Homeless barrels are again collecting in the Atlantic market, this time dragging crudes of all kind into a price war that is making $50 a barrel an increasingly impenetrable barrier for benchmark Brent futures.
"There isn't any denying that the fundamentals are pretty bearish," said Citi analyst Chris Main. "You've got an overhang of cargoes, and it will weigh on the benchmark."
Saudi Arabia's fresh European sales have displaced only a small amount of Urals, a heavy grade that has not faced much threat from the year's excess that has centred on lighter U.S. shale oil. But they suggest a new front in the battle for market share between the two giant producers.
Saudi oil minister Ali al-Naimi on Sunday said demand for oil worldwide would soon reflect the attractiveness of current prices, noting Asia as key to the growth.
URALS HEADS EASTRussia's post-Soviet high of 10.78 million barrels per day (bpd) of oil production helped triple the discount of Urals versus dated Brent in just three months to reach 17-month lows.
And as Iran prepares to ramp up sales when and if Western sanctions are lifted next year, the overhang is only likely to aggravate further.

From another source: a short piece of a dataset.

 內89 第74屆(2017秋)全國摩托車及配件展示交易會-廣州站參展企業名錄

Discounted Urals cargoes are now muscling out British Forties crude, the largest of the four North Sea streams that make up the dated Brent benchmark.
At least three of the seven supertanker (VLCC) fixtures booked from the North Sea to Asia in November are loading Russian, rather than the North Sea crudes that typically sail.

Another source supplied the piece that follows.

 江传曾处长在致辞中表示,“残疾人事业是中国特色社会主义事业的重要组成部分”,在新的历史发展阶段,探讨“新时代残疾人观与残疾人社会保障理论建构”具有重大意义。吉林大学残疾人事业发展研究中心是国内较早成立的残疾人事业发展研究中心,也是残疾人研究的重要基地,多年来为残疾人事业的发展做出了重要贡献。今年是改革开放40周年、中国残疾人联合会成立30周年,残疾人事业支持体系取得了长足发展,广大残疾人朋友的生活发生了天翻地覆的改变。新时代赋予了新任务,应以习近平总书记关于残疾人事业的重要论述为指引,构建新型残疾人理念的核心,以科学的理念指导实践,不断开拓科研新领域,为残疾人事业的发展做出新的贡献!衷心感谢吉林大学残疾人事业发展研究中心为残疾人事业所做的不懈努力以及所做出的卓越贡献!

"What is amazing is to see Forties is still pretty weak despite all the barrels that are going to the Far East," Petromatrix analyst Olivier Jakob said. "If we did not have those VLCCs going to Asia, it would be a bloodbath."

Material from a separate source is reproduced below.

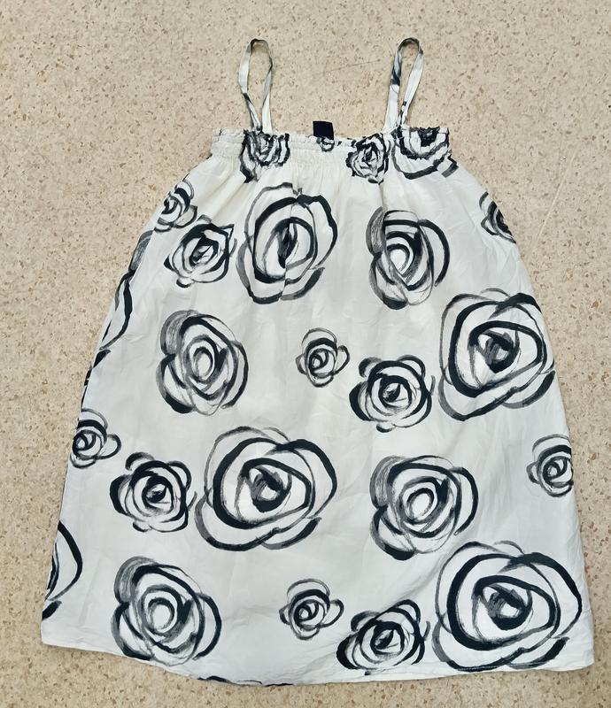 Модный сарафан Gap Kids для девочки 10-11 лет (145 см). Цвет айвори с принтом из цветков роз, имеет два слоя. Верхний хлопок 70 хлопок, 30 шелк, нижняя подкладка - полиэстр. Сверху бретельки с резинками на груди. Длина с бретелями 78 см, без 64 см. Резинка 31 см собрана, 52 см - растягивается. Ширина у бежрах та по низу - 63 см. Красивый нарядный сарафанчик. Состояние нового, отсутствуют бирки.

Forties price differentials are close to their lowest in five months, having traded at a discount to the dated Brent benchmark more often in 2015 than at any time in the last 20 years, and differentials for a string of crude oil grades now stand at multi-month lows.
Azeri crude price differentials have also more than halved over the past month to an annual low, while premiums for Nigeria's Qua Iboe have also lost half their value.
A physical excess of more than 60 million barrels of Nigerian oil, and North Sea output at two-year highs, along with nearly full diesel, gasoil and jet fuel tanks in Europe that have already pushed cargoes into floating storage, will only add to the pressure.